● Instructions for the task: For every line of the material below, check for the string "their" and return the line if it is there.

- Opening Delimiter -

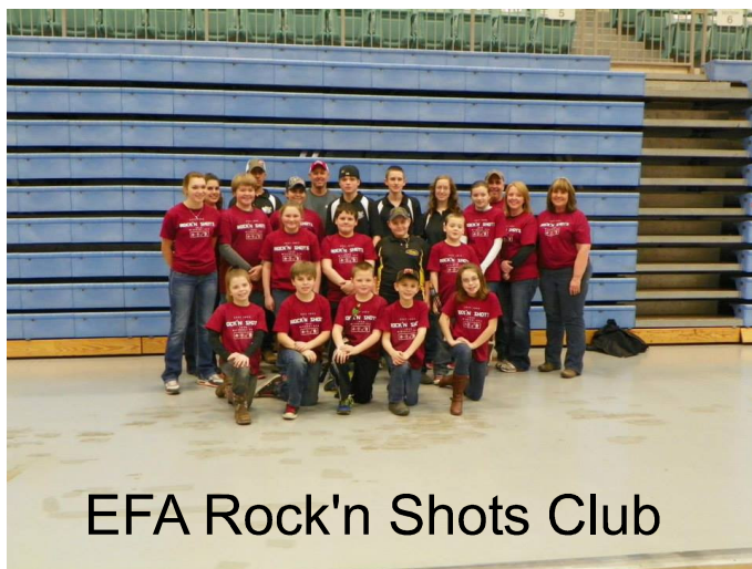
EFA Rock'n Shots Club

For many, this was their first ever archery competition. Congrats to all that participated... Great job!!!
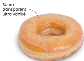
LE GLAZED Sugar and Madagascar vanilla
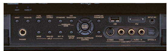
Inside of the trapdoor
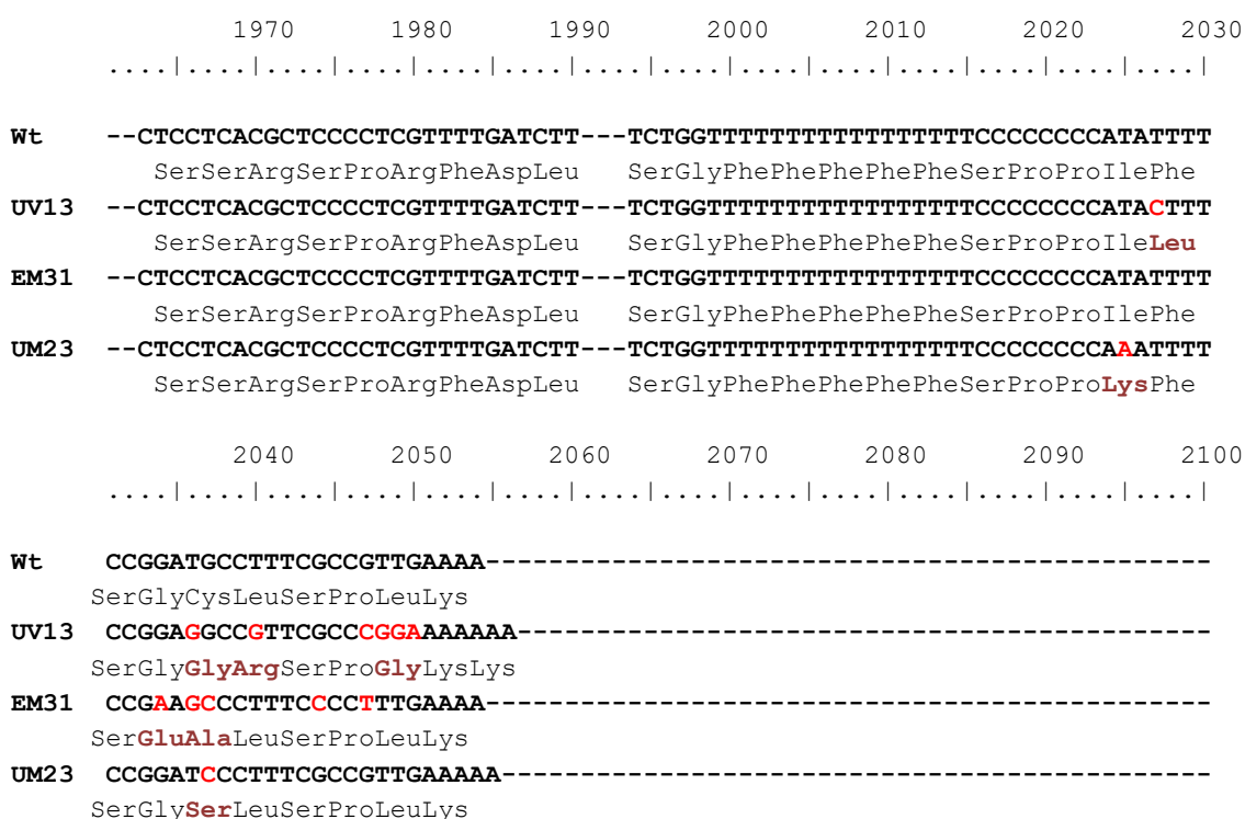
Figure 1. Sequence alignment of the reference strain, mutants, and wild-type of Penicillium sp. ID10-T065
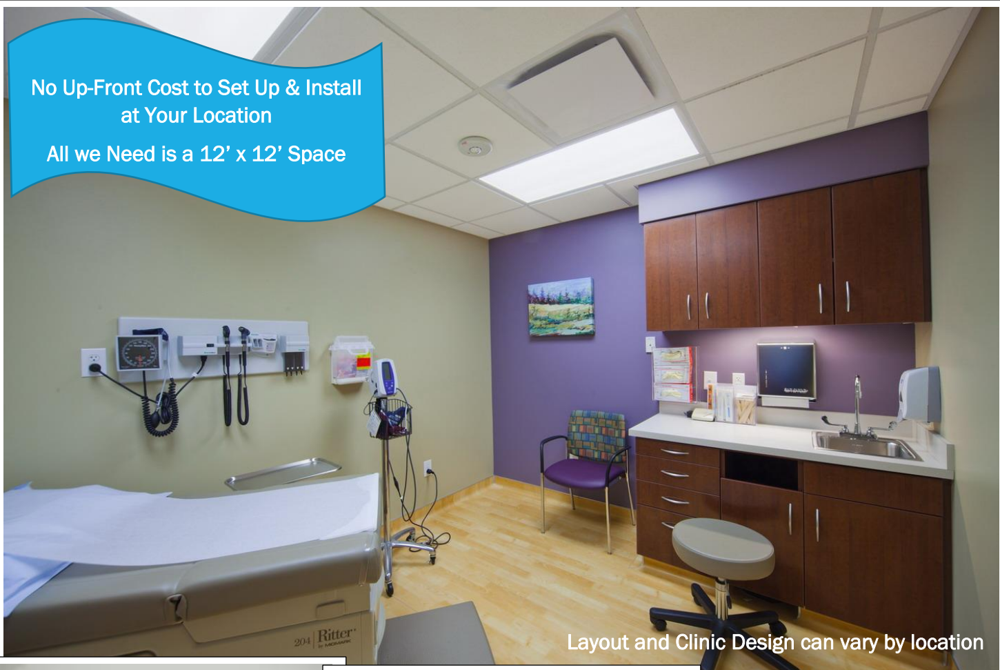
Layout and Clinic Design can vary by location
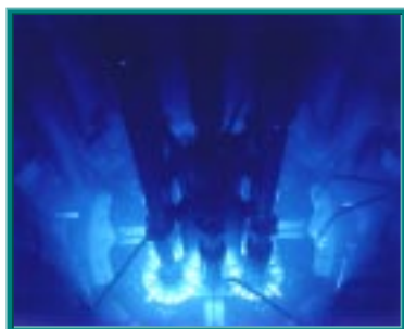
DOE and Foreign Research Reactor Spent Fuel
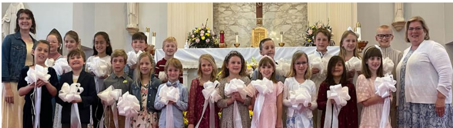
Second Grade Bow Sunday!
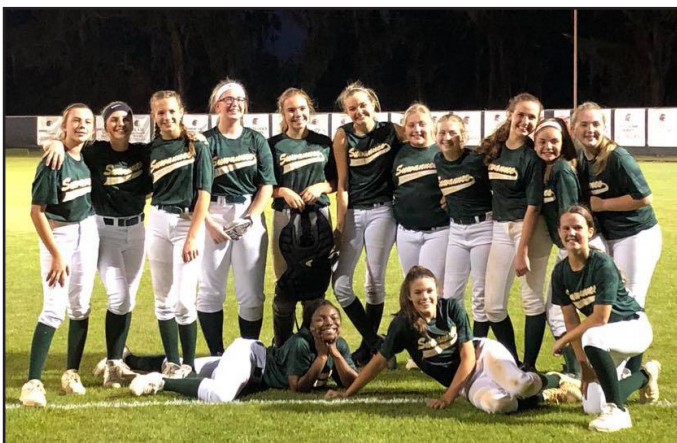
ABOVE: THE SMS LADY PUPS SOFTBALL TEAM WINS DISTRICT CHAMPIONSHIPS

The Lady Pups also overtook the Madison County softball team on April 3, winning their fourth district championship in a row, giving them an opportunity to play in the Big Bend
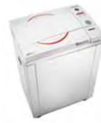
Laboratory autoclaves ranging in size and application
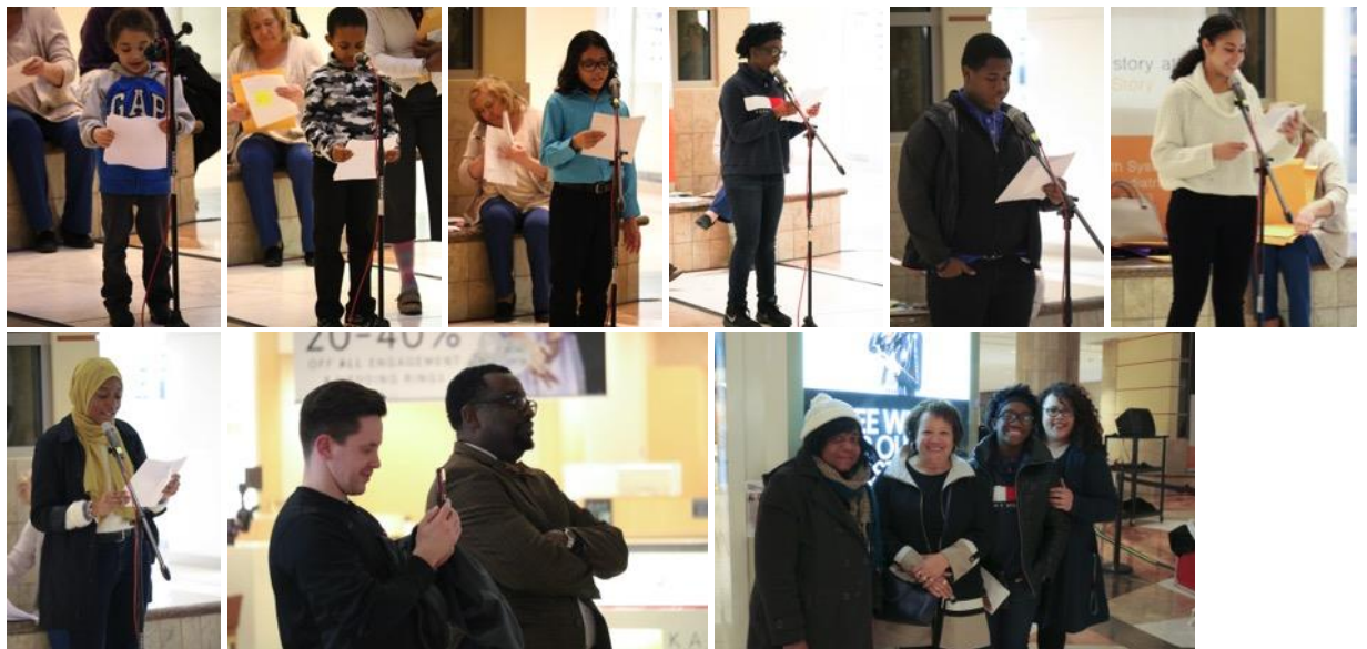
Pictured: Scenes from the Pride EXPO Essay Contest.

- Closing Delimiter -

● Result of this exercise:
For many, this was their first ever archery competition. Congrats to all that participated... Great job!!!
The Lady Pups also overtook the Madison County softball team on April 3, winning their fourth district championship in a row, giving them an opportunity to play in the Big Bend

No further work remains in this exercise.